» WHAT IS NEEDED:
Copy nothing but the lines below, from the one with "Zusammensetzung: Wildfleisch, Thunfisch" through the one with "Чертежи 120-пушечного корабля", exactly as written; no pictures should appear.

#### SOURCE MATERIAL

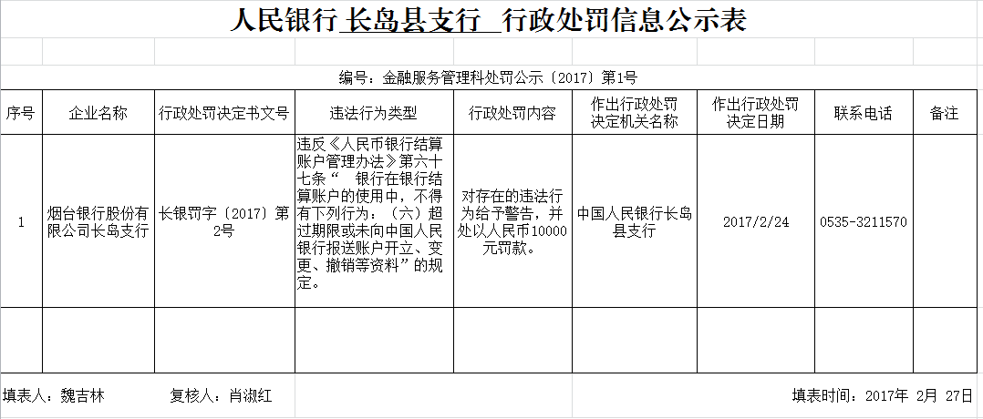 近日,中國人民銀行濟(jì)南分行發(fā)布的長銀罰字〔2017〕第2號行政處罰書顯示,煙臺銀行股份有限公司長島支行在經(jīng)營過程中,違反了《人民幣銀行結(jié)算賬戶管理辦法》第六十七條“銀行在銀行結(jié)算賬戶的使用中,不得有下列行為:(六)超過期限或未向中國人民銀行報(bào)送賬戶開立、變更、撤銷等資料”的規(guī)定。中國人民銀行長島縣支行決定對煙臺銀行股份有限公司長島支行給予警告,并處以1萬元罰款。作出行政處罰的決定日期為2017年2月24日。
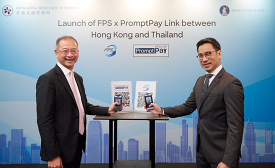 ธนาคารกลางฮ่องกง (Hong Kong Monetary Authority: HKMA) และธนาคารแห่งประเทศไทย (ธปท.) ได้เปิดตัวการให้บริการชำระเงินข้ามพรมแดนผ่าน QR ระหว่างฮ่องกงและประเทศไทย ซึ่งจะช่วยให้ผู้ที่เดินทางระหว่างฮ่องกงและประเทศไทยได้รับบริการชำระเงินที่รวดเร็ว ปลอดภัย และเข้าถึงได้ง่าย
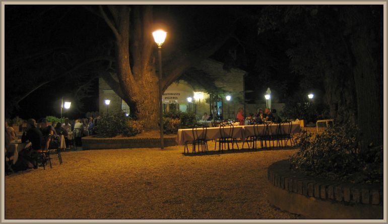 Ich blieb noch eine weitere Nacht. Abends besichtigte ich die Pizzeria-Konkurrenz im kleinen Park unter einer mächtigen Zeder.
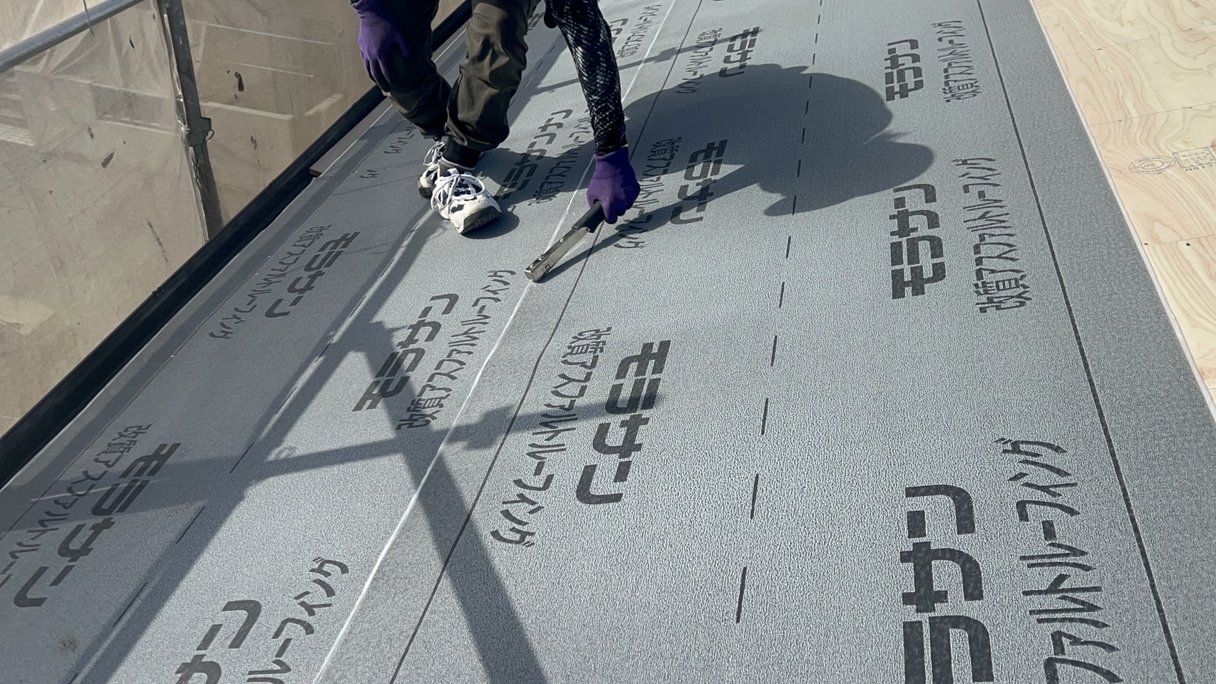 屋根材だけでは完全に雨水を防ぐことができず、隙間や継ぎ目から雨水が内側に入ってしまうので、ルーフィングを敷いて防水しているのです。屋根材の内側に入り込んだ雨水が野地板に染み込んだり、内部に浸入するのを防ぐ重要な役割をしているがルーフィングです。
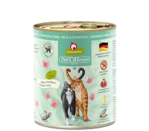 Zusammensetzung: Wildfleisch, Thunfisch und Hühnerfleisch 72% (Wild 22% bestehend aus Muskelfleisch, Herz, Lunge, Leber und Thunfisch 20% und Huhn 30% bestehend aus Muskelfleisch, Herz, Geflügelmagen, Leber), Wild-, Thunfisch- und Hühnerbrühe 24,9%, Granatapfelkerne 1%, Leinöl 1%, Mineralstoffe 1%, Grünlippmuschel 0,1%
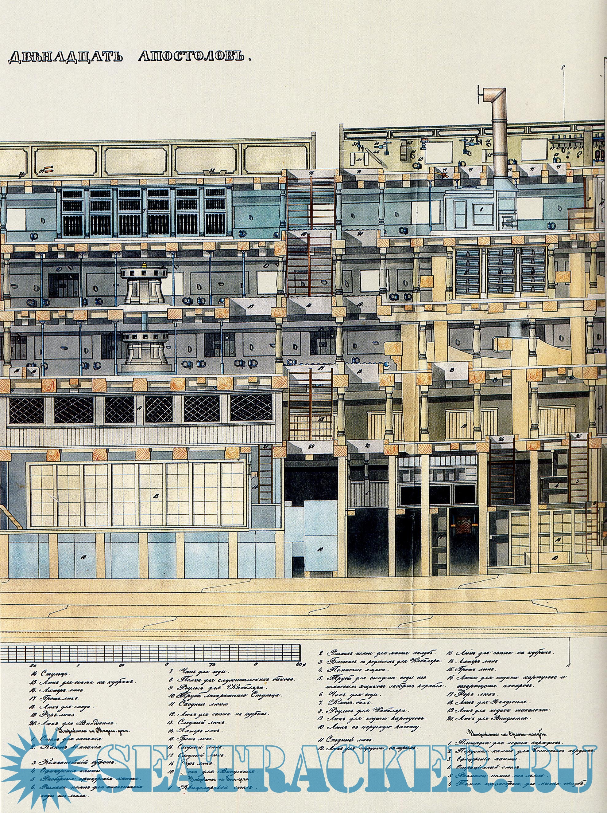 Чертежи 120-пушечного корабля "Двенадцать Апостолов"
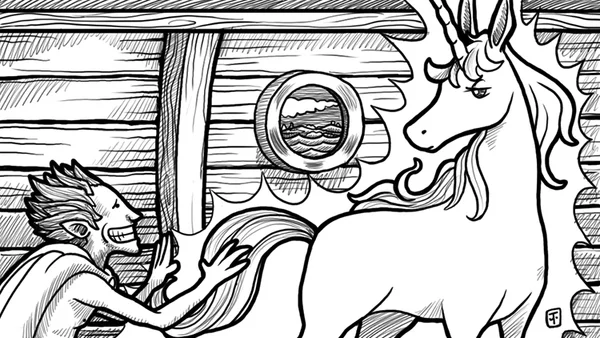 While Tiberium frantically began to pray, Barron tried to soothe the beast, which was threatening most of the group in turn with its horn. Leah was searching her memory for what she had learned about unicorns, coming up with the basics: horselike, dangerous horns, magical creatures, fond of maidens and virgins. Communicating the idea that all non-virgins should leave the room with hand gestures did not go well. The unicorn became even more agitated, and began striking the wall of the ship with its hind legs. It actually knocked a large hole in the hull. Ahira laid her hands on the haunch of the beast and shoved it to the side, so it would be unable to enlarge the hole further, and a moment later drew her hammer and swung at full force. Ahira missed, but the unicorn then shimmered again and turned into a hawk, diving for the hole.
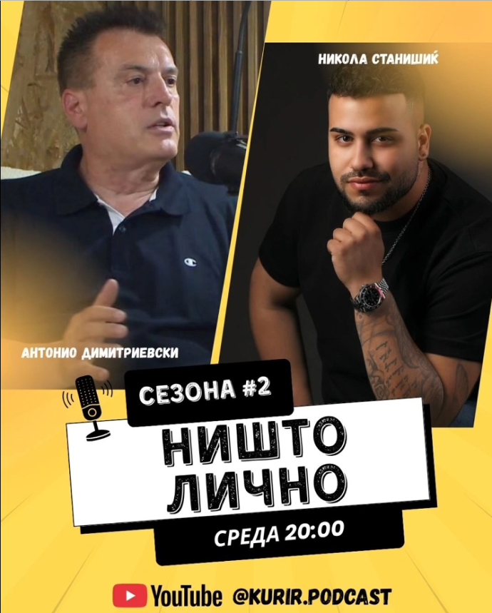 Премиерното издание на поткастот оди секоја среда од 20.00 часот, но ако од било која причина сте ја пропуштиле премиерата, оваа како и сите досегашни епизоди на интер ток шоуто „НИШТО ЛИЧНО“, можете да ги погледнете во било кое време, 24/7 ексклузивно само на YouTube каналот на КурирМК (.
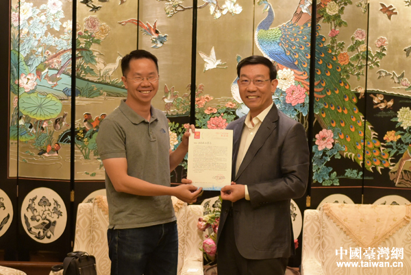 7月10日下午,機電商會臺北辦事處主任李榮民會見了臺灣自造者協會理事長洪堯泰一行,雙方就推動兩岸青創人員交流合作、創業就業等共同關心的話題交換了意見。(中國臺灣網發)

########

» EXPECTED ANSWER:
 Zusammensetzung: Wildfleisch, Thunfisch und Hühnerfleisch 72% (Wild 22% bestehend aus Muskelfleisch, Herz, Lunge, Leber und Thunfisch 20% und Huhn 30% bestehend aus Muskelfleisch, Herz, Geflügelmagen, Leber), Wild-, Thunfisch- und Hühnerbrühe 24,9%, Granatapfelkerne 1%, Leinöl 1%, Mineralstoffe 1%, Grünlippmuschel 0,1%
 Чертежи 120-пушечного корабля "Двенадцать Апостолов"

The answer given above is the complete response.